An interesting article titled “Major Neurological Deficit Following Neck Hyperextension During Dental Treatment: Report of 2 Cases and Review of the Literature,” written by Victor G. El-Hajj and et. al. appears in the 2022 edition of the The Neurologist. The authors discuss two cases where patients had dental treatment performed and then suffered from neurological impairment due to hyperextension of the neck. Both patients had routine dental treatment done and had their necks overstretched which lead to a hopsital stay.
The first patient discussed was a 67 year old man who saw his dentist for bridgework. He had been taking a medication for high blood pressure for nine years but had no history of cerebrovascular events. The man’s dental work took around 45 minutes and he was given local anestheisia. His neck had to be extended during the procedure to allow for better reach into his mouth. Immediately after the dental work, the man was unable to stand upright and was experiencing vertigo and occipital headache. The man was taken to the emergency room for further evaluation. A neurological exam revealed he had dysmetria, a disturbance in the measurement of distances during muscular acts, involuntary eye movements, facial paresis, a positive Romberg sign, and difficulty swallowing. These symptoms indicated the man had lateral medullary syndrome. A magnetic resonance imaging (MRI) and magnetic resonance angiography (MRA) were conducted. The MRI showed an ischemic lesion in the lateral medulla and the MRA revealed complete occlusion of the right vertebral artery at the level of its fourth segment. The man was given heparin and improved and was discharged from the hospital after 17 days. When he left the hospital he still had a few gait issues and residual swalling problems. The man has done well since while taking daily a low dose of aspirin.
The second patient discussed was a 64 year old woman who saw a dentist because a prosthesis did not fit right. The woman was obese and a regular smoker for the past 40 years. The woman also suffered from diabetes and had been taking anxiolytics and antidepressants. When the dentist examined the woman she was found to have discharging pus and a fistulous tract in her left upper jaw-crest area. She had a dental x-ray performed which showed she had a wisdom tooth in the region that was unerupted. The woman had the wisdom tooth extracted and the fistula tract remova. This procedure required the woman’s neck to be hyperextended for 40 minutes under local anesthesia. The day after surgery the woman felt dizzy and lost her balance. The woman was taken to a hospital where a neurological exam showed bilateral Babinski sign, slight left facial paresis, and right dysmetria. An MRI of the neck did not show anything of interest but an MRA showed congenital hypoplasia of the right vertebral artery. Her symptoms resolved within two days. The woman was diagnosed with a transient ischemic attack and given a daily low dose of aspirin.
The authors state:
“Hyperextension of the neck for a prolonged period has repeatedly been shown to cause vertebrobasilar insufficiency and posterior circulation ischemia.”

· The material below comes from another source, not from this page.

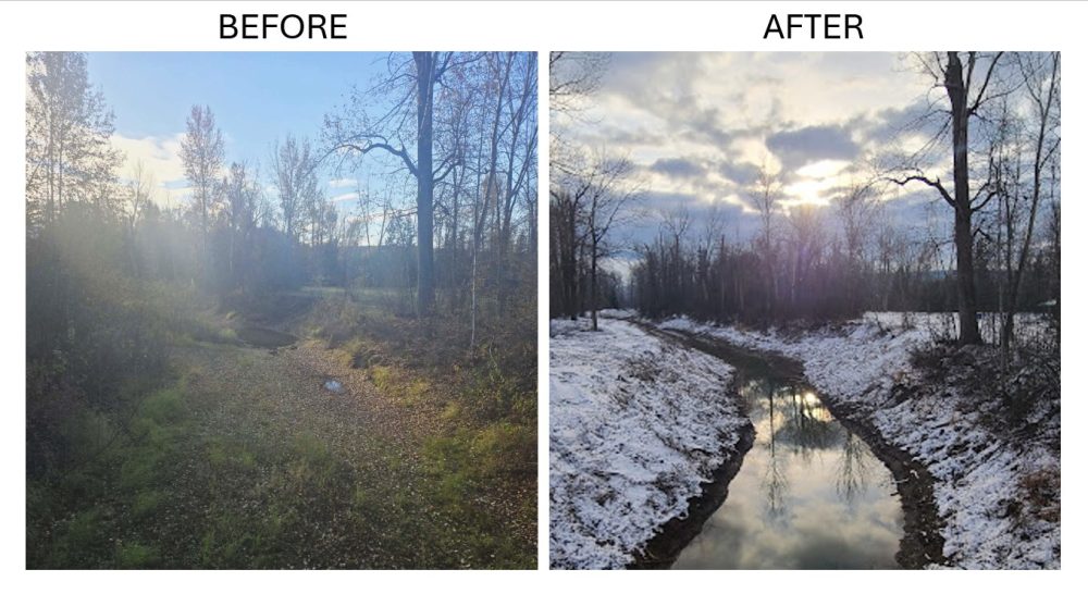 The side channel was carefully excavated below the surrounding groundwater level, ensuring water remains present even during low river conditions. This design allows the channel to maintain continuous connectivity and aquatic habitat throughout the year.

The authors say that few cases of neck hyperextension leading to neurological complications have been reported in medical literature and suggests that other risk factors may play a role in the pathogenesis. They say that age, hypertension, diabetes, obesity, atherosclerosis, and smoking are risk factors for cerebrovascular diseases and should be considered risk factors for neck hyperextension leading to neurological complications. They also mention that vertebral artery hypoplasia, arthrosis, osteophytes of the neck joints, and cervical spondylosis could be other risk factors. The authors say that more awareness of the “Dental Chair Stroke Syndrome” as they call it could lead to more cases being reported. The authors suggest clinicians to be alert to symptoms like neckache, headache, vertigo, or blurred vision after dental work and that immediate medical care is provided in cases of ischemic attacks to potentially avoid severe irreversible damage. The authors suggest that if it is absolutely necessary to hyperextend a patients neck for dental work for a long period of time, that the patient be allowed to rest every 10 to 12 minutes or so. Dentists are also asked to ask patients about their history to be on the alert for potential risk factors.
It is noted that the authors say that it was observed in the 1990s that patients who see a hairdressor can experience a neurological deficit as a consequence of neck hyperextension during shampoo-baths. This condition has also be observed with chiropractic manipulation and even with stretching.
It is further noted that the authors appear to have missed a study by T. S. Tan and et al. titled “Acute sensorineural hearing loss immediately following a local anaesthetic dental procedure,” appearing in Eur Arch Otorhinolaryngol. (264. pages 99–102. 2007) which has been mentioned on this site for some time on the wisdom teeth complications page. In this article discussion is made of a 42 year old woman who had a dental procedure performed and then experienced hearing loss which was hypotheized to potentially stem from hyperextension of her neck during the surgery.